#### Directions for this task:
In the entries that follow, the first line to write out is the one containing "Одна из наиболее", and the last is the one containing "Hovarda bahis sitesi". Reproduce that stretch exactly, with nothing before or after it.

#### Available records:
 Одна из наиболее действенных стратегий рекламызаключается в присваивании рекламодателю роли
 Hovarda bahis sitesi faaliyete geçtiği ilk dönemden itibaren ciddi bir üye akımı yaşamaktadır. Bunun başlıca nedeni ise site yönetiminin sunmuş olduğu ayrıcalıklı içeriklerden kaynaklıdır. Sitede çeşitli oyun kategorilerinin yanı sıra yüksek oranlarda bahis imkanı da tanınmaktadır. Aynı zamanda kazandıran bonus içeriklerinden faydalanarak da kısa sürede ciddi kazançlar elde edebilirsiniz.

==

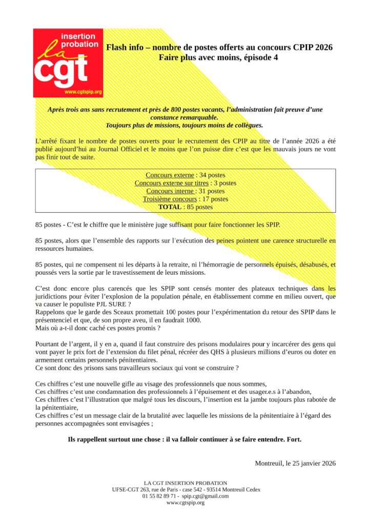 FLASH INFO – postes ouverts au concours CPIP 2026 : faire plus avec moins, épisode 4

#### Exercise solution:
 Одна из наиболее действенных стратегий рекламызаключается в присваивании рекламодателю роли
 Hovarda bahis sitesi faaliyete geçtiği ilk dönemden itibaren ciddi bir üye akımı yaşamaktadır. Bunun başlıca nedeni ise site yönetiminin sunmuş olduğu ayrıcalıklı içeriklerden kaynaklıdır. Sitede çeşitli oyun kategorilerinin yanı sıra yüksek oranlarda bahis imkanı da tanınmaktadır. Aynı zamanda kazandıran bonus içeriklerinden faydalanarak da kısa sürede ciddi kazançlar elde edebilirsiniz.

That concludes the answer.